- Born: al-Bureij refugee camp, Gaza Strip, Palestine
- Died: October 7, 2023 (aged 28–29) Al-Bureij, Gaza Strip, Palestine
- Cause of death: Shooting
- Occupation: Freelance journalist
- Employer: Fourth Authority news agency
- Known for: Reporting during the Israel-Gaza conflict; killed while working

= Mohammad Al-Salhi =

Palestinian photojournalist and freelance media worker

Mohammad Al-Salhi (Arabic: محمد تهامي عبد السلام الصالحي) was a Palestinian photojournalist and freelance media worker affiliated with the Fourth Authority news agency. He was killed while reporting on the Israel–Gaza conflict on 7 October 2023, allegedly shot east of the al-Bureij refugee camp in central Gaza.

== Biography ==
El-Salhi was born and raised in the al-Bureij refugee camp in central Gaza. He pursued work as a photojournalist and freelance reporter, contributing to the local news outlet Fourth Authority and covering stories across the Gaza Strip.

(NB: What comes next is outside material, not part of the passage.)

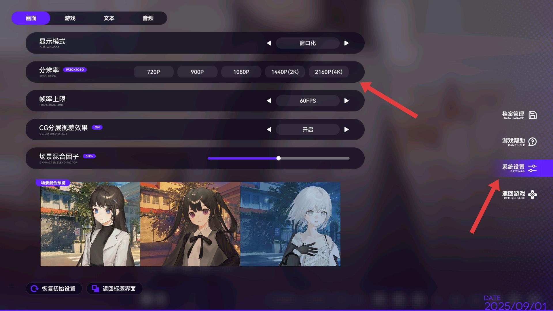 3、系統(tǒng)設(shè)置里,能對(duì)游戲、文本、音頻等多方面進(jìn)行設(shè)置,根據(jù)自己的喜好,打造更貼合需求的游戲環(huán)境,提升游玩感受。

Colleagues and peers described him as deeply committed to documenting the lives of Palestinians living under occupation, often focusing his work on the human consequences of political division and military conflict.

== Death ==
On 7 October 2023, al-Salhi was reporting near the border fence east of al-Bureij refugee camp when he was shot and killed. Reports from press freedom organizations stated that he had been wearing protective gear, including a press vest and helmet, at the time of the incident. His death occurred on the first day of the renewed large-scale hostilities between Israel and armed groups in Gaza.

The Committee to Protect Journalists (CPJ) called for an immediate and transparent investigation into the circumstances of his killing, while the Palestinian Journalists' Syndicate condemned the incident as a violation of press protections.

UNESCO's Director-General Audrey Azoulay also issued a public statement denouncing the killing of al-Salhi and another journalist, Mohammad Jarghoun, and emphasised the obligation of all parties to protect journalists working in conflict zones.

== Legacy ==
El-Salhi’s death was widely reported in the press freedom community and added to the growing list of journalists killed during the Israel–Gaza conflict. His name is recorded in international observatories and reports documenting attacks on the press in conflict areas. Media rights groups continue to cite his case as evidence of the dangers faced by Palestinian journalists in Gaza.